___ The data ___

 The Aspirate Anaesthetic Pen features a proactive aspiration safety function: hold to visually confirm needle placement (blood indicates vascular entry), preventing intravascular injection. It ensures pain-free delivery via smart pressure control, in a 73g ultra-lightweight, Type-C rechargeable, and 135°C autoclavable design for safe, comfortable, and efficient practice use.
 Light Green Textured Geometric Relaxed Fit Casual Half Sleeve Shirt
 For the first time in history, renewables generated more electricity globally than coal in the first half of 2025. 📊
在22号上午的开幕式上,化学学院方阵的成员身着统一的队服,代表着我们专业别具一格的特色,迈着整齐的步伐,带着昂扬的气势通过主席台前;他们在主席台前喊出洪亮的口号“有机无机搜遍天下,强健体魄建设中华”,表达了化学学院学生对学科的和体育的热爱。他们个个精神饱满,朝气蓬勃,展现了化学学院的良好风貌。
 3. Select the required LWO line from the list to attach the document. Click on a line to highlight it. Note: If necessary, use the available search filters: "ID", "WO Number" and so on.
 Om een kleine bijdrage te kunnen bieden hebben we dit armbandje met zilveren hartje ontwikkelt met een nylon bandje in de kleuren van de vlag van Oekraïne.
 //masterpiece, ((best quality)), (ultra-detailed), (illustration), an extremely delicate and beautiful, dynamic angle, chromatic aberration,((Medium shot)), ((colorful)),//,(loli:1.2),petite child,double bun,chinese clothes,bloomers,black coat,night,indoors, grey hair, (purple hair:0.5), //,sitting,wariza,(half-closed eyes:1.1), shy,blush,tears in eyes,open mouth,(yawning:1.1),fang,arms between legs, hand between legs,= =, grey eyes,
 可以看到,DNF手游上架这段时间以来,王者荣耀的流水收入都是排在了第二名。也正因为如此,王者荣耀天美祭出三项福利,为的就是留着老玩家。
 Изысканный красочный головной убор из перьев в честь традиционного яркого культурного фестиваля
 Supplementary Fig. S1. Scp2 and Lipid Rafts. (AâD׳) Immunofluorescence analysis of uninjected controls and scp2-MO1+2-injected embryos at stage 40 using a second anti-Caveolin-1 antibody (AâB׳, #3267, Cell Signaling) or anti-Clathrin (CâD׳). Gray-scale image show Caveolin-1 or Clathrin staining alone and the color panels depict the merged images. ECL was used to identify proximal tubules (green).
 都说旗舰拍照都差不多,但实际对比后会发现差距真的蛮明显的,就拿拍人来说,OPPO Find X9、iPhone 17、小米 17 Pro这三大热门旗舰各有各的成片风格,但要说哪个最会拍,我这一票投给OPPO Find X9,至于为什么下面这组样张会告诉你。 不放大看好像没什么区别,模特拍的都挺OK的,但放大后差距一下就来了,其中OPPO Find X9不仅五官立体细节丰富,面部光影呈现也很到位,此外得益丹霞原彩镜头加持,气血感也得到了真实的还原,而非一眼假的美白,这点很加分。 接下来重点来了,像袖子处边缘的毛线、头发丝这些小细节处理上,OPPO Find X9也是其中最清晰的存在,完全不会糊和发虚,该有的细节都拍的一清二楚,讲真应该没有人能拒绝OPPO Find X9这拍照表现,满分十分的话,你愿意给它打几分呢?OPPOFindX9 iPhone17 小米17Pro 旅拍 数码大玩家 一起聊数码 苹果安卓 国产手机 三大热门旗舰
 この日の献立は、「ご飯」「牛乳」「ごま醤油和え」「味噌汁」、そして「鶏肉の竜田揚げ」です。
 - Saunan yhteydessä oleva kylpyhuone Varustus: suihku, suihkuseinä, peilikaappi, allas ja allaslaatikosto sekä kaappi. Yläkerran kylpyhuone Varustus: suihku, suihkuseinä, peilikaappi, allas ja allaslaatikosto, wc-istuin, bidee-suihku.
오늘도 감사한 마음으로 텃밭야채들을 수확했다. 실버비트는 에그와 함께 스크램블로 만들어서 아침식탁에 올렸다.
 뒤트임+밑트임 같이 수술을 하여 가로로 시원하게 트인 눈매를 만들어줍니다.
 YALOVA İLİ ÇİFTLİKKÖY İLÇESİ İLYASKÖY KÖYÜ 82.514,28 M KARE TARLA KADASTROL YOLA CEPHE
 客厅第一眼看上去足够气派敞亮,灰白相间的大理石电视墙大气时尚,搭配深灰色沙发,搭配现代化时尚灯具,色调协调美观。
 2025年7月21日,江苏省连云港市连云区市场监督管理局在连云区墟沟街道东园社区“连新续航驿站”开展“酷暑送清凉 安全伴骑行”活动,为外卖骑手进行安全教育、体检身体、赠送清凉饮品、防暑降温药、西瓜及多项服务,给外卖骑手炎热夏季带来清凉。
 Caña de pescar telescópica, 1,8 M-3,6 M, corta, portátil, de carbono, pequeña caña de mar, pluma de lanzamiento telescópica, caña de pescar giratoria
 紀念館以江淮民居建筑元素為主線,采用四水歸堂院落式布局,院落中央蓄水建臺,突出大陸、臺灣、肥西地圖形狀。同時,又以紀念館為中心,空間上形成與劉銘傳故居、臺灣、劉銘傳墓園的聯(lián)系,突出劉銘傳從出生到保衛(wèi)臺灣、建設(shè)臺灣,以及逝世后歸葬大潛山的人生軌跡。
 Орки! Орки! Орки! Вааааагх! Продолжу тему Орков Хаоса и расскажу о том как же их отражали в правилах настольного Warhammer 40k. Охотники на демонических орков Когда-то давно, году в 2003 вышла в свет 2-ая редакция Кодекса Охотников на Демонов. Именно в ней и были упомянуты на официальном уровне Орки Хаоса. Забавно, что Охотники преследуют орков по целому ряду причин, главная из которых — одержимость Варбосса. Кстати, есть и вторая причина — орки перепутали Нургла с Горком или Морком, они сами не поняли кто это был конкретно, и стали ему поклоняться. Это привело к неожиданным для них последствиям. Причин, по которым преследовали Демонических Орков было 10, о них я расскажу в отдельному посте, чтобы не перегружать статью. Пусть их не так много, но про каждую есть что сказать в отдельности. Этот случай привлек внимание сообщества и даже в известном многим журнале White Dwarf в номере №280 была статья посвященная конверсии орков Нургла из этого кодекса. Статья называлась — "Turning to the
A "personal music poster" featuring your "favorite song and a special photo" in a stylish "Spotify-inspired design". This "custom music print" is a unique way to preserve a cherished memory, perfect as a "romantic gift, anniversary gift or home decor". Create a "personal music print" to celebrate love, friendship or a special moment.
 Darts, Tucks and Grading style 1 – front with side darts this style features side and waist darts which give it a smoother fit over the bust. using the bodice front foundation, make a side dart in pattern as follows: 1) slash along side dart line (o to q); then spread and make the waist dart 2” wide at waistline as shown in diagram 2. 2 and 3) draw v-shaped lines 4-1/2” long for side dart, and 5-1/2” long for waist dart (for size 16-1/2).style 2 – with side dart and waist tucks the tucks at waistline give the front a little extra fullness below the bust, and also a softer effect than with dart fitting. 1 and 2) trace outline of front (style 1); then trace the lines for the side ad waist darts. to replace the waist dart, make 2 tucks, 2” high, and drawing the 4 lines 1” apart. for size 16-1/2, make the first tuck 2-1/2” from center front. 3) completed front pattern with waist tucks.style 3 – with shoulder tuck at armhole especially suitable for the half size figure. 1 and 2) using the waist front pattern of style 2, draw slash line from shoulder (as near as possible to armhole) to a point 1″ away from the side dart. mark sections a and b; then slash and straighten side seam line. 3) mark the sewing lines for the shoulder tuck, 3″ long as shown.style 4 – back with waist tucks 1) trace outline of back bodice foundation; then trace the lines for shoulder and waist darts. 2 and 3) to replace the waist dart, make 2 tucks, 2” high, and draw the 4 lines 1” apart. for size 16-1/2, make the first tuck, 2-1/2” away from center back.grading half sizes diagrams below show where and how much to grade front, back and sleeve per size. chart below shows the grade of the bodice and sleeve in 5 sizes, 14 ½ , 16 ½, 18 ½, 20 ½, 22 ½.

___

Try it - Every entry in the listing must be retyped exactly.

The answer -
 The Aspirate Anaesthetic Pen features a proactive aspiration safety function: hold to visually confirm needle placement (blood indicates vascular entry), preventing intravascular injection. It ensures pain-free delivery via smart pressure control, in a 73g ultra-lightweight, Type-C rechargeable, and 135°C autoclavable design for safe, comfortable, and efficient practice use.
 Light Green Textured Geometric Relaxed Fit Casual Half Sleeve Shirt
 For the first time in history, renewables generated more electricity globally than coal in the first half of 2025. 📊
在22号上午的开幕式上,化学学院方阵的成员身着统一的队服,代表着我们专业别具一格的特色,迈着整齐的步伐,带着昂扬的气势通过主席台前;他们在主席台前喊出洪亮的口号“有机无机搜遍天下,强健体魄建设中华”,表达了化学学院学生对学科的和体育的热爱。他们个个精神饱满,朝气蓬勃,展现了化学学院的良好风貌。
 3. Select the required LWO line from the list to attach the document. Click on a line to highlight it. Note: If necessary, use the available search filters: "ID", "WO Number" and so on.
 Om een kleine bijdrage te kunnen bieden hebben we dit armbandje met zilveren hartje ontwikkelt met een nylon bandje in de kleuren van de vlag van Oekraïne.
 //masterpiece, ((best quality)), (ultra-detailed), (illustration), an extremely delicate and beautiful, dynamic angle, chromatic aberration,((Medium shot)), ((colorful)),//,(loli:1.2),petite child,double bun,chinese clothes,bloomers,black coat,night,indoors, grey hair, (purple hair:0.5), //,sitting,wariza,(half-closed eyes:1.1), shy,blush,tears in eyes,open mouth,(yawning:1.1),fang,arms between legs, hand between legs,= =, grey eyes,
 可以看到,DNF手游上架这段时间以来,王者荣耀的流水收入都是排在了第二名。也正因为如此,王者荣耀天美祭出三项福利,为的就是留着老玩家。
 Изысканный красочный головной убор из перьев в честь традиционного яркого культурного фестиваля
 Supplementary Fig. S1. Scp2 and Lipid Rafts. (AâD׳) Immunofluorescence analysis of uninjected controls and scp2-MO1+2-injected embryos at stage 40 using a second anti-Caveolin-1 antibody (AâB׳, #3267, Cell Signaling) or anti-Clathrin (CâD׳). Gray-scale image show Caveolin-1 or Clathrin staining alone and the color panels depict the merged images. ECL was used to identify proximal tubules (green).
 都说旗舰拍照都差不多,但实际对比后会发现差距真的蛮明显的,就拿拍人来说,OPPO Find X9、iPhone 17、小米 17 Pro这三大热门旗舰各有各的成片风格,但要说哪个最会拍,我这一票投给OPPO Find X9,至于为什么下面这组样张会告诉你。 不放大看好像没什么区别,模特拍的都挺OK的,但放大后差距一下就来了,其中OPPO Find X9不仅五官立体细节丰富,面部光影呈现也很到位,此外得益丹霞原彩镜头加持,气血感也得到了真实的还原,而非一眼假的美白,这点很加分。 接下来重点来了,像袖子处边缘的毛线、头发丝这些小细节处理上,OPPO Find X9也是其中最清晰的存在,完全不会糊和发虚,该有的细节都拍的一清二楚,讲真应该没有人能拒绝OPPO Find X9这拍照表现,满分十分的话,你愿意给它打几分呢?OPPOFindX9 iPhone17 小米17Pro 旅拍 数码大玩家 一起聊数码 苹果安卓 国产手机 三大热门旗舰
 この日の献立は、「ご飯」「牛乳」「ごま醤油和え」「味噌汁」、そして「鶏肉の竜田揚げ」です。
 - Saunan yhteydessä oleva kylpyhuone Varustus: suihku, suihkuseinä, peilikaappi, allas ja allaslaatikosto sekä kaappi. Yläkerran kylpyhuone Varustus: suihku, suihkuseinä, peilikaappi, allas ja allaslaatikosto, wc-istuin, bidee-suihku.
오늘도 감사한 마음으로 텃밭야채들을 수확했다. 실버비트는 에그와 함께 스크램블로 만들어서 아침식탁에 올렸다.
 뒤트임+밑트임 같이 수술을 하여 가로로 시원하게 트인 눈매를 만들어줍니다.
 YALOVA İLİ ÇİFTLİKKÖY İLÇESİ İLYASKÖY KÖYÜ 82.514,28 M KARE TARLA KADASTROL YOLA CEPHE
 客厅第一眼看上去足够气派敞亮,灰白相间的大理石电视墙大气时尚,搭配深灰色沙发,搭配现代化时尚灯具,色调协调美观。
 2025年7月21日,江苏省连云港市连云区市场监督管理局在连云区墟沟街道东园社区“连新续航驿站”开展“酷暑送清凉 安全伴骑行”活动,为外卖骑手进行安全教育、体检身体、赠送清凉饮品、防暑降温药、西瓜及多项服务,给外卖骑手炎热夏季带来清凉。
 Caña de pescar telescópica, 1,8 M-3,6 M, corta, portátil, de carbono, pequeña caña de mar, pluma de lanzamiento telescópica, caña de pescar giratoria
 紀念館以江淮民居建筑元素為主線,采用四水歸堂院落式布局,院落中央蓄水建臺,突出大陸、臺灣、肥西地圖形狀。同時,又以紀念館為中心,空間上形成與劉銘傳故居、臺灣、劉銘傳墓園的聯(lián)系,突出劉銘傳從出生到保衛(wèi)臺灣、建設(shè)臺灣,以及逝世后歸葬大潛山的人生軌跡。
 Орки! Орки! Орки! Вааааагх! Продолжу тему Орков Хаоса и расскажу о том как же их отражали в правилах настольного Warhammer 40k. Охотники на демонических орков Когда-то давно, году в 2003 вышла в свет 2-ая редакция Кодекса Охотников на Демонов. Именно в ней и были упомянуты на официальном уровне Орки Хаоса. Забавно, что Охотники преследуют орков по целому ряду причин, главная из которых — одержимость Варбосса. Кстати, есть и вторая причина — орки перепутали Нургла с Горком или Морком, они сами не поняли кто это был конкретно, и стали ему поклоняться. Это привело к неожиданным для них последствиям. Причин, по которым преследовали Демонических Орков было 10, о них я расскажу в отдельному посте, чтобы не перегружать статью. Пусть их не так много, но про каждую есть что сказать в отдельности. Этот случай привлек внимание сообщества и даже в известном многим журнале White Dwarf в номере №280 была статья посвященная конверсии орков Нургла из этого кодекса. Статья называлась — "Turning to the
A "personal music poster" featuring your "favorite song and a special photo" in a stylish "Spotify-inspired design". This "custom music print" is a unique way to preserve a cherished memory, perfect as a "romantic gift, anniversary gift or home decor". Create a "personal music print" to celebrate love, friendship or a special moment.
 Darts, Tucks and Grading style 1 – front with side darts this style features side and waist darts which give it a smoother fit over the bust. using the bodice front foundation, make a side dart in pattern as follows: 1) slash along side dart line (o to q); then spread and make the waist dart 2” wide at waistline as shown in diagram 2. 2 and 3) draw v-shaped lines 4-1/2” long for side dart, and 5-1/2” long for waist dart (for size 16-1/2).style 2 – with side dart and waist tucks the tucks at waistline give the front a little extra fullness below the bust, and also a softer effect than with dart fitting. 1 and 2) trace outline of front (style 1); then trace the lines for the side ad waist darts. to replace the waist dart, make 2 tucks, 2” high, and drawing the 4 lines 1” apart. for size 16-1/2, make the first tuck 2-1/2” from center front. 3) completed front pattern with waist tucks.style 3 – with shoulder tuck at armhole especially suitable for the half size figure. 1 and 2) using the waist front pattern of style 2, draw slash line from shoulder (as near as possible to armhole) to a point 1″ away from the side dart. mark sections a and b; then slash and straighten side seam line. 3) mark the sewing lines for the shoulder tuck, 3″ long as shown.style 4 – back with waist tucks 1) trace outline of back bodice foundation; then trace the lines for shoulder and waist darts. 2 and 3) to replace the waist dart, make 2 tucks, 2” high, and draw the 4 lines 1” apart. for size 16-1/2, make the first tuck, 2-1/2” away from center back.grading half sizes diagrams below show where and how much to grade front, back and sleeve per size. chart below shows the grade of the bodice and sleeve in 5 sizes, 14 ½ , 16 ½, 18 ½, 20 ½, 22 ½.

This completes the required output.